> Task
The listing below should be printed again word for word, without any images.

> Available data
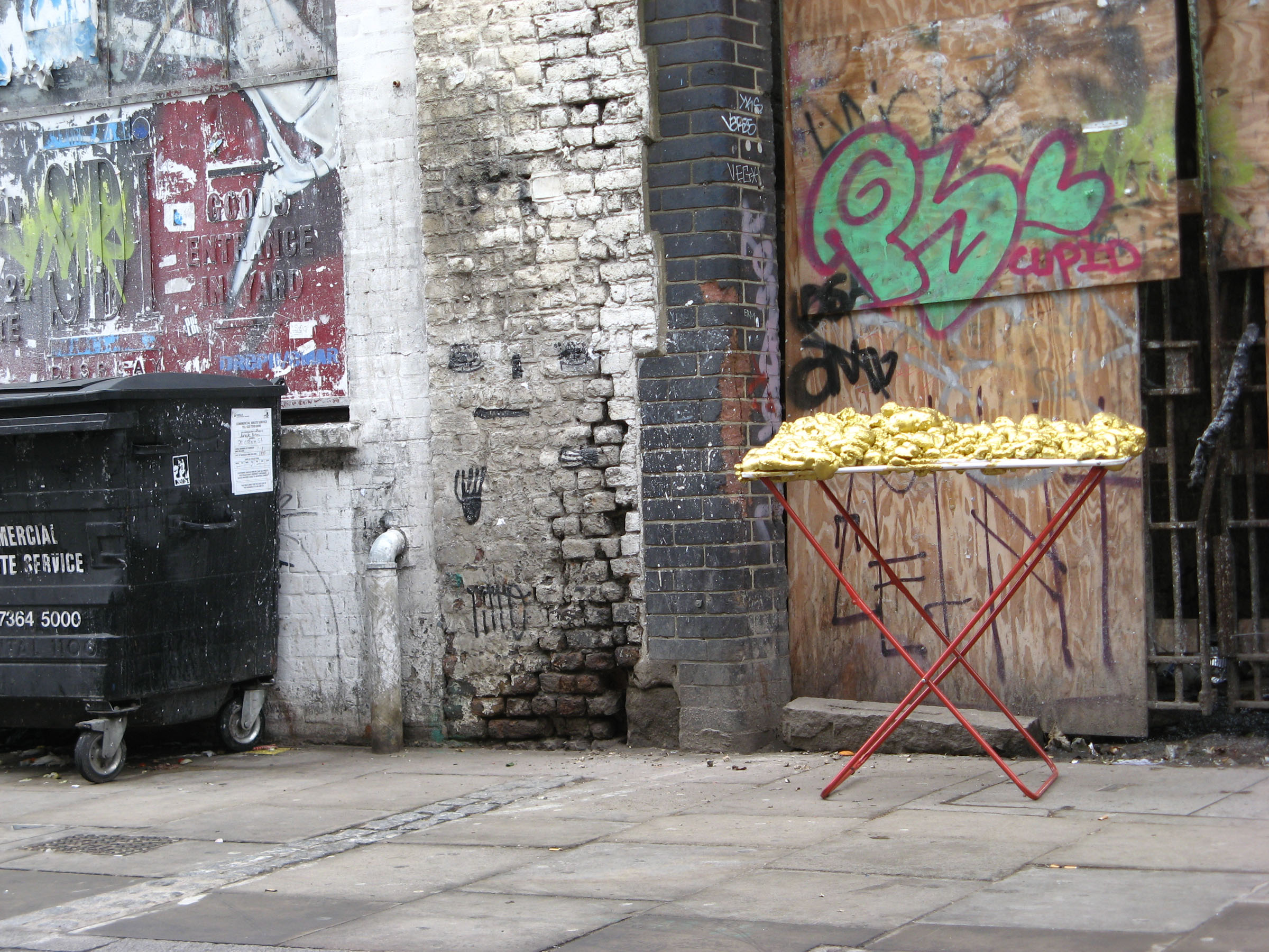© Renate Egger and Wilhelm Roseneder. Goldene Erweiterung/Golden expansion. Street art project – temporary installation in public space. Brick Lane. London, UK, 2010
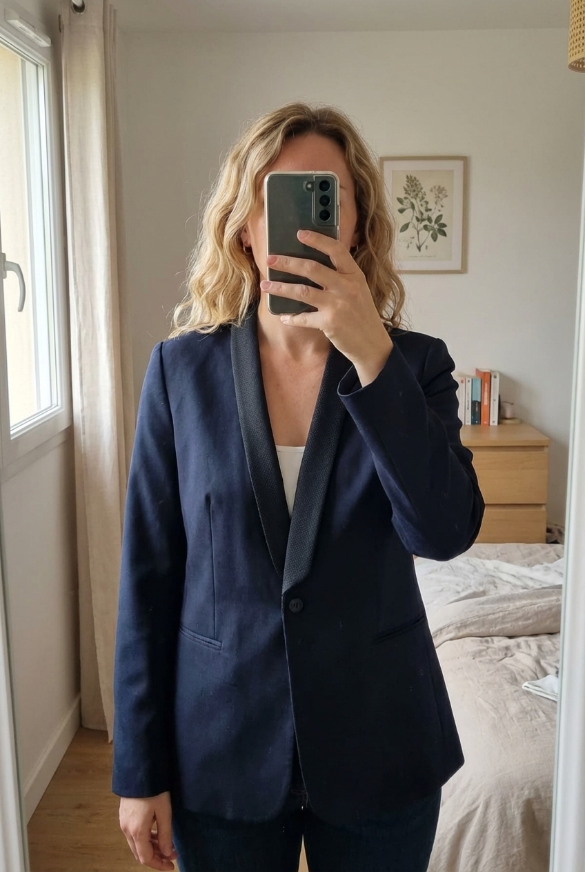 Veste blazer Chattawak bleu nuit 42 neuve debout, face à la caméra, dans une chambre à la lumière douce, avec une lumière naturelle filtrant par la fenêtre.
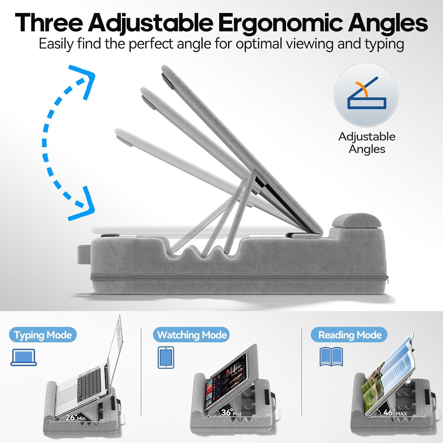 - 3 EINSTELLBARE ERGONOMISCHE WINKEL: Das verstellbare Laptop Kissen mit Polster wurde hinsichtlich der Winkel für verschiedene Betrachtungsmodi optimiert. Der höchste Winkel vom Laptoptisch eignet sich ideal zum Lesen oder aufrechten Sitzen, der

> Answer to the exercise
© Renate Egger and Wilhelm Roseneder. Goldene Erweiterung/Golden expansion. Street art project – temporary installation in public space. Brick Lane. London, UK, 2010
 Veste blazer Chattawak bleu nuit 42 neuve debout, face à la caméra, dans une chambre à la lumière douce, avec une lumière naturelle filtrant par la fenêtre.
 - 3 EINSTELLBARE ERGONOMISCHE WINKEL: Das verstellbare Laptop Kissen mit Polster wurde hinsichtlich der Winkel für verschiedene Betrachtungsmodi optimiert. Der höchste Winkel vom Laptoptisch eignet sich ideal zum Lesen oder aufrechten Sitzen, der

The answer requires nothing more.